Dr Shan Goh
University of Hertfordshire
Dr Shan Goh
University of Hertfordshire
Shan Goh is an Associate Professor in Research in the School of Health, Medicine and Life Sciences at University of Hertfordshire. She is a molecular microbiologist and her research centres on antimicrobial resistance (AMR) transmission in, and control of, One Health pathogens, particularly Clostridioides difficile and Staphylococcus aureus. Her work spans different sectors and disciplines with the aim of developing phages for use as antibacterial agents as well as investigating their ability to influence bacterial pathogenesis.
What are you working on as part of the Hub?
Developing methodology to culture viable microbes and extract nucleic acid of microbes from bioaerosols for the purposes of microbial detection, isolation, identification, quantification, metagenomics, and downstream functional assays, e.g. microbial interactions within bioaerosols.
What is exciting you the most about your current research?

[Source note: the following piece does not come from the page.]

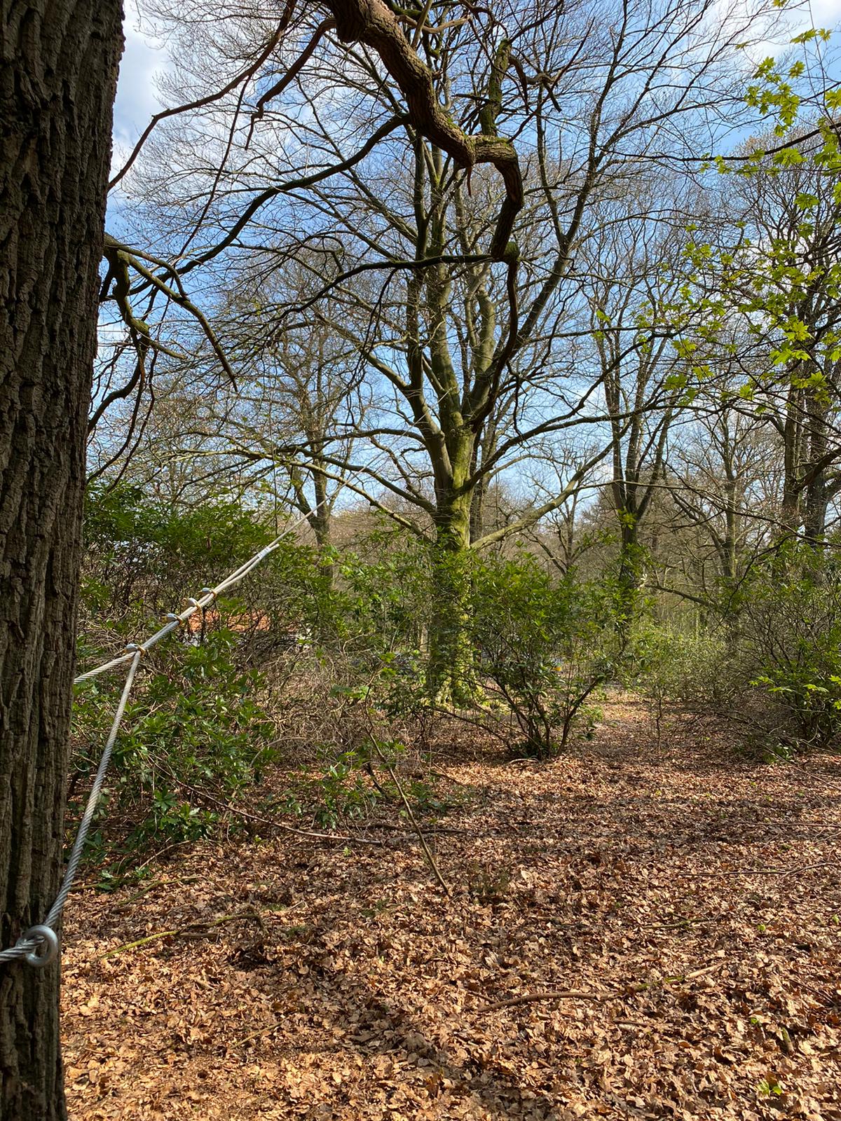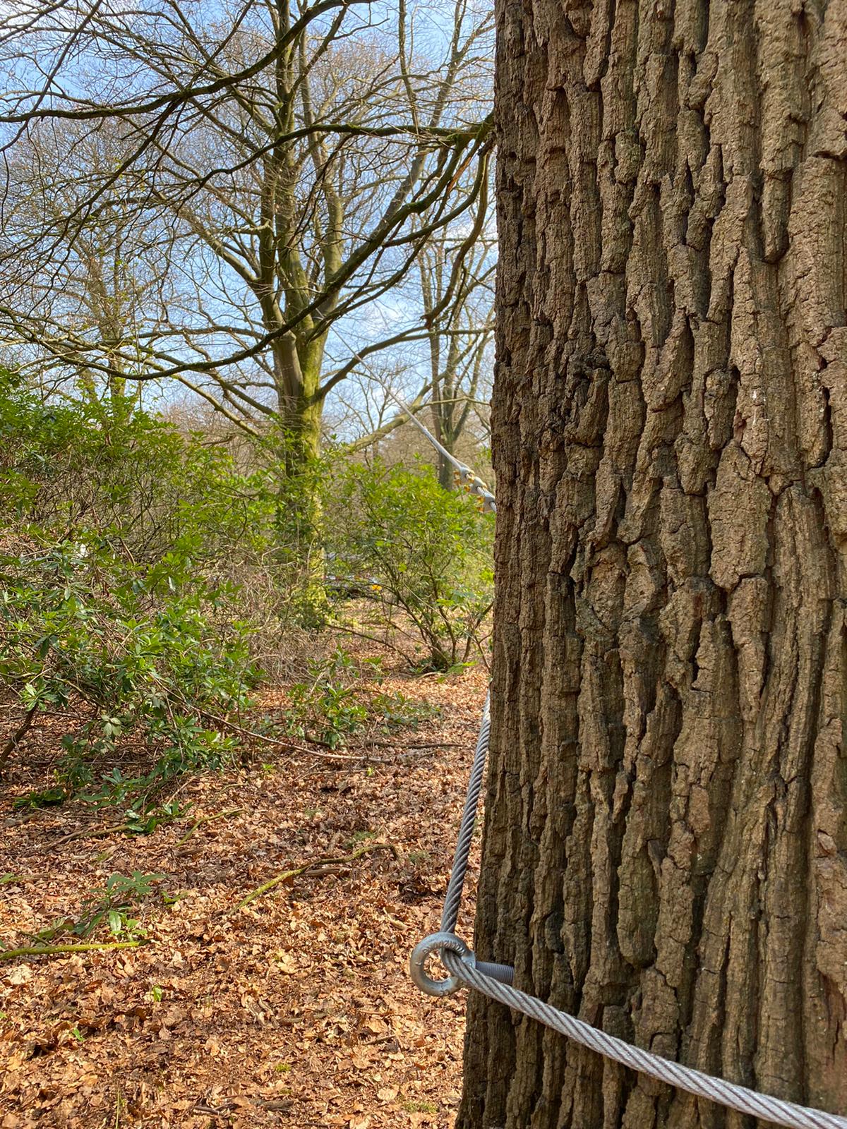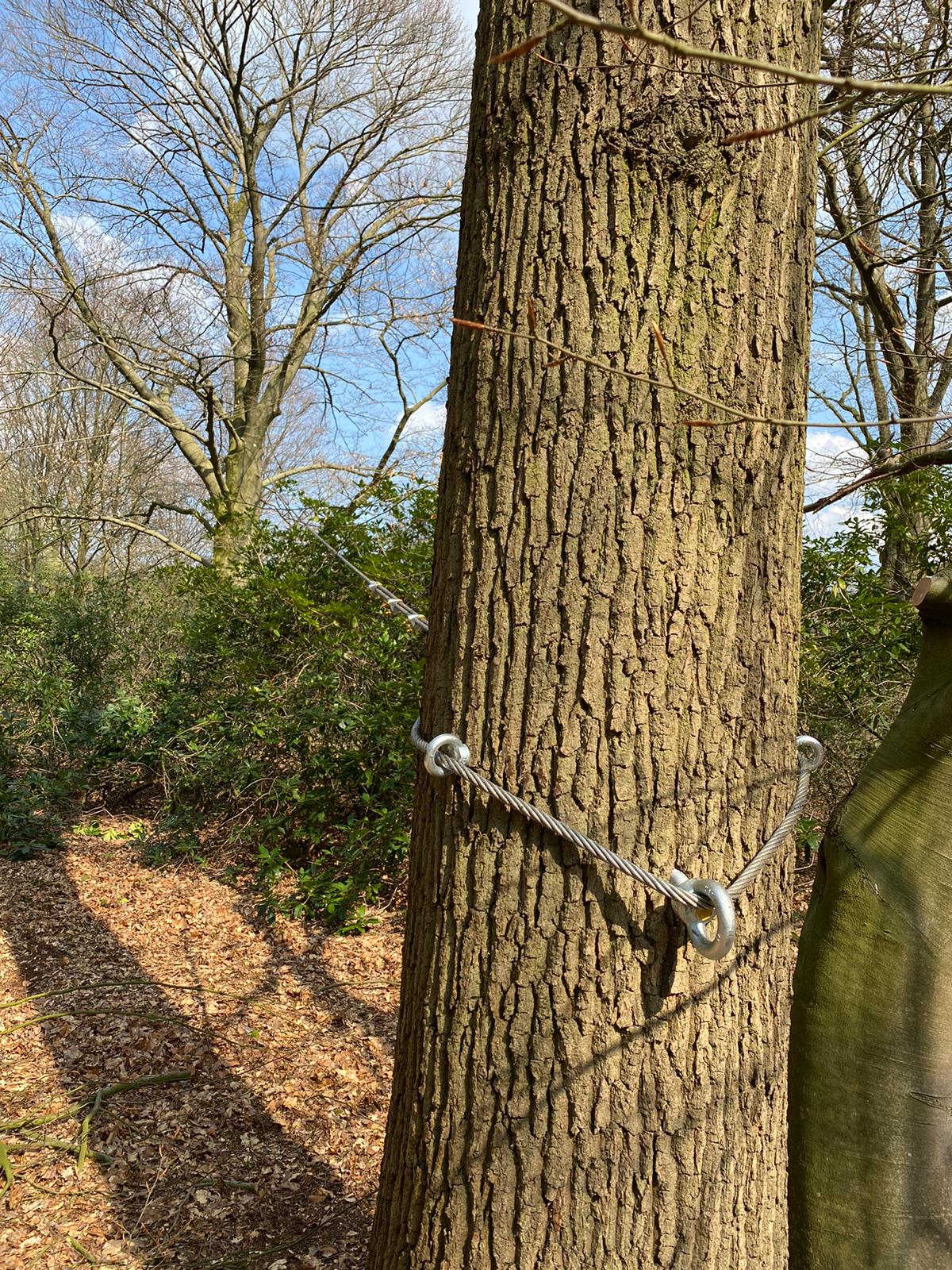 Boomtechnici hebben door middel van een constructie met staalkabels de boom aan omstaande bomen verankerd. Op deze manier is deze boom voorlopig behouden voor deze markante locatie.

The multidisciplinary and transdisciplinary approaches that will seriously advance our understanding of microbial dissemination through bioaerosols. Creating a new generation of highly skilled researchers who will have a holistic mindset to tackling challenges in biodetection and one health.
What difference do you hope your research will make?
Targeted applications of different bioaerosol detection technologies to achieve optimal readouts using streamlined microbiology and/or molecular biology workflows that are user-friendly and environmentally sustainable.
What are you most proud of in your research career?
Connecting people with diverse expertise towards a common research goal. I led several projects funded by the Food Safety Research Network, which involved bringing together people from academia, government, industry, and the third sector to work on impactful and highly translation research projects.